The Highland Society of Scotland, with characteristic patriotism, charged itself with the duty of framing a bill for the revival of this important branch of employment, which was passed in 1808, and by the encouragement given by subsequent regulations, and the services of the Board for Fisheries, etc., it has since been prosecuted with spirit.

The art of curing herrings is supposed to have been discovered by William Beukelings, a Dutchman, who died in 1397; but there is reason to believe that he was only an improver on the art, for from 1306 to 1360, the herring fair and fishery of Yarmouth formed a great branch of its trade; and, in 1313, a ship of Lynn, a neighbouring town, was captured, which had been fishing for herrings on the Norwegian coast.

The herrings of the west coast are not so plentiful, but are much superior to those of the east ; and, as the season commences, the Highlanders pass round in great numbers, when the town of Wick, in Caithness, the most noted place of resort, presents a highly animated appearance. When multitudes of boats from both north and south are collected, the scene is singular and pleasing.
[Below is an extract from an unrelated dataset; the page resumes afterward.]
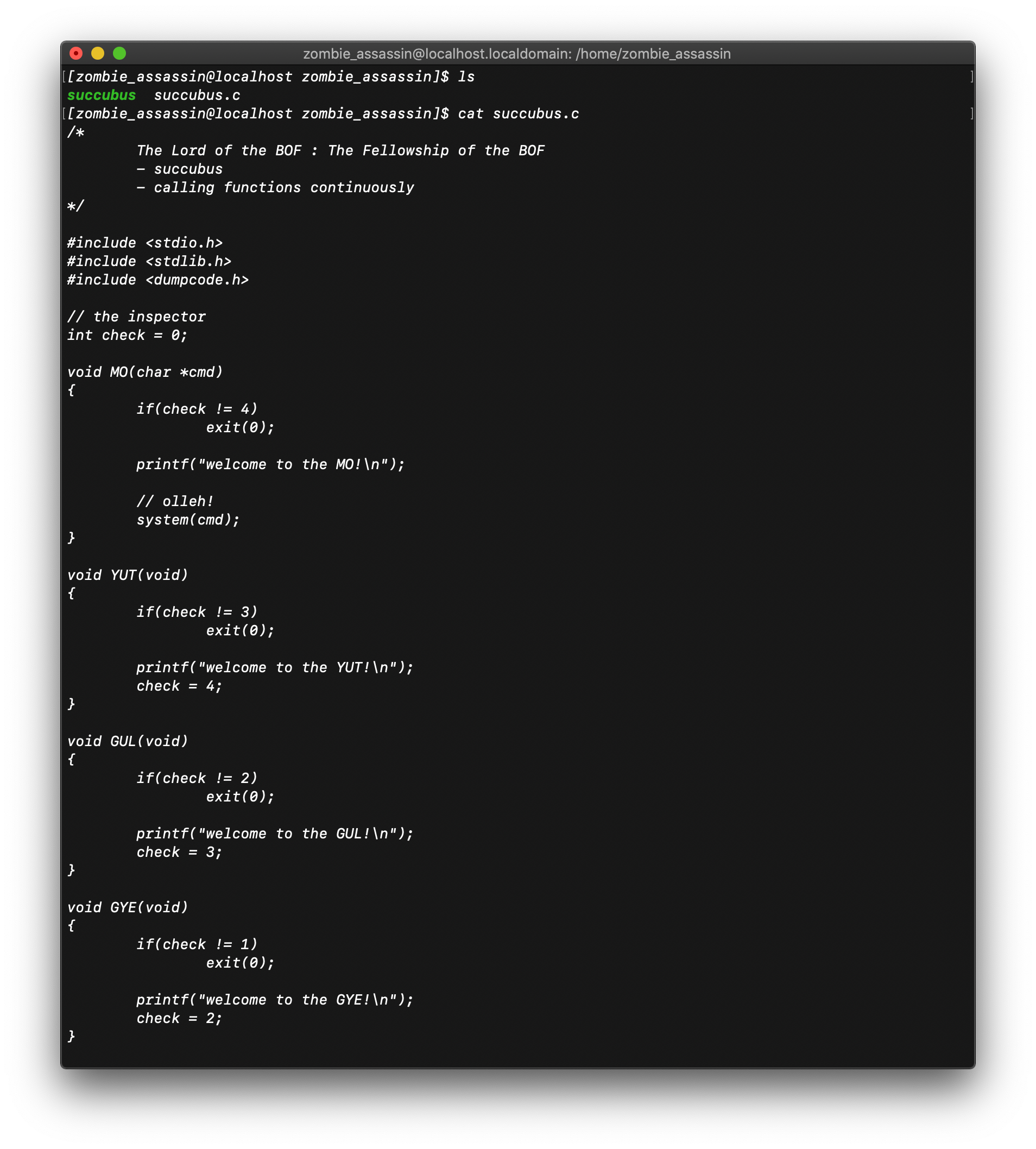 RTL Chaining 애 관련된 문제인 것 같다. RTL Chaining은 기존의 RTL 기법에서 RET + 4 영역을 다음 실행할 함수의 주소로 덮는 방법이다. 이 방법을 연속으로 사용하게 되면 RTL Chaining이 되는 것이다. 여러개의 sub 함수가 존재하고 check 라는 변수의 값이 각 함수를 지나쳐가면서 변화된다. 우선 이 문제를 해결하기 위하여 필요한 조건은 다음과 같다.

In the northern latitudes, a dim twilight continues during the mid-summer nights, and the boats are often within hail of each other.

The stillness is broken by the occasional mirth of the crews, or the plaintive lorrams, or boat songs of the West Highlanders, whose thoughts are of their distant home and the relatives and friends they have there left.

When the boats arrive with their cargoes, which are reckoned by crans, or barrelfuls, the fish to be cured have the entrails taken out by a particular nip, leaving the melt and roe ; but they are not opened, as several of the most esteemed Encyclopedias describe; they are then put into a strong brine, where they are allowed to remain from twelve to sixteen hours, and when taken out are well drained, and packed closely on their backs, in a circular form, the cooper finishing the process by putting in the heads of the barrels very tightly. This is called the White pickle. Red herrings must be kept in the salt water twenty-four hours, they are then strung by the head on wooden spits, and placed, to the number of many thousands, in chimneys, where brushwood, or turf, is kindled on the floor, and managed so as to give a great deal of smoke without flame, from which is derived their peculiar flavour and colour. They are generally dry in about twenty-four hours, when they are put into barrels for keeping. These barrels will hold from 500 to 800 fish.

The sketch was taken on the side of Loch nan Uagh, in Arisaig, and the male figure is that of a man not more experienced as a fisher than notorious as a smuggler; and it is said that in barrels, such as represented, he has at times contrived to convey without detection, a keg of good poit du’, or whiskey, concealed among the fish. A curious circumstance had occurred at the time the artist made his drawing. The fishermen, having one night caught a young whale, the old one making its appearance, attacked the boats furiously, and continued in the loch for some days, so that without harpoons or other weapons they could not venture on an attack. The group represents an idle peasantry, in their usual costume, having at the time no avocation to withdraw them from ‘a friendly crack’ about the country news.

It is matter of just complaint that the Dutch should be allowed to fish so near the coasts, and drive a lucrative trade on our very shores; it indicates a laxity in the enforcement of the international laws, which regulate the mutual rights of different countries.